Re: 13 1998 (ftp://thumper.bellcore.com/pub/huitema/stats/quality_

Neal Cardwell (cardwell@cs.washington.edu)
Tue, 20 Oct 1998 16:19:57 -0700 (PDT)

Cool.

> However, if you buy these numbers, then a reasonable amount of the time
> we're being delayed by servers and not queuing. On the other hand, look
> at the median packet loss rate of 16%! Ouch.

Wow. That is pretty high. Of course, it's possible that this could just be
congestion on bellcore's link to the net.

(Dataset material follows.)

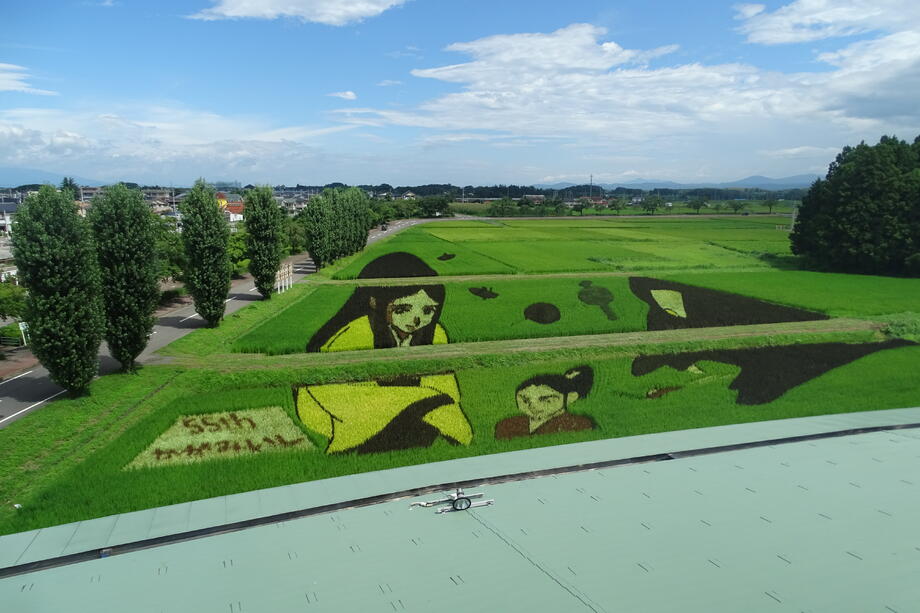 特に今年は町制施行55周年記念事業として、昨年まで約50アールだった圃場を約70アールに面積を拡大して制作しています。また「かがみいし55th」の文字を盛り込みました。

> Its also nice to see that
> DNS delay is substantial (I've always suspected that DNS is a problem
> child).

Though keep in mind that you'll pay this DNS penalty rarely - you'll only
pay the DNS price for the very first connection to a server (when you'll
probably be making dozens) and then only if nobody from your site has
cached that name's IP address in the last few days. Still, DNS is painful
over a modem, in my experience.

>Finally, it is totally unbelievable to see the difference
> between the median page delay and the sum of DNS, connection, server and
> transmission delay (more than double). I can't believe this is all
> rendering and layout time... if the page has multiple inlines then it
> could be that this reflects exponential backoff on one of the several
> connections for the page (the variance on the connection and
> transmission delay is quite high and the sum of the averages works out).

I bet that they're just using a script to download a single index.html
(not measuring any browser compute/render time), and that the "Page delay
(ms)" math is either an error, or some weird way in which the medians of
sums of heavy-tailed things come out. My guess is the second effect.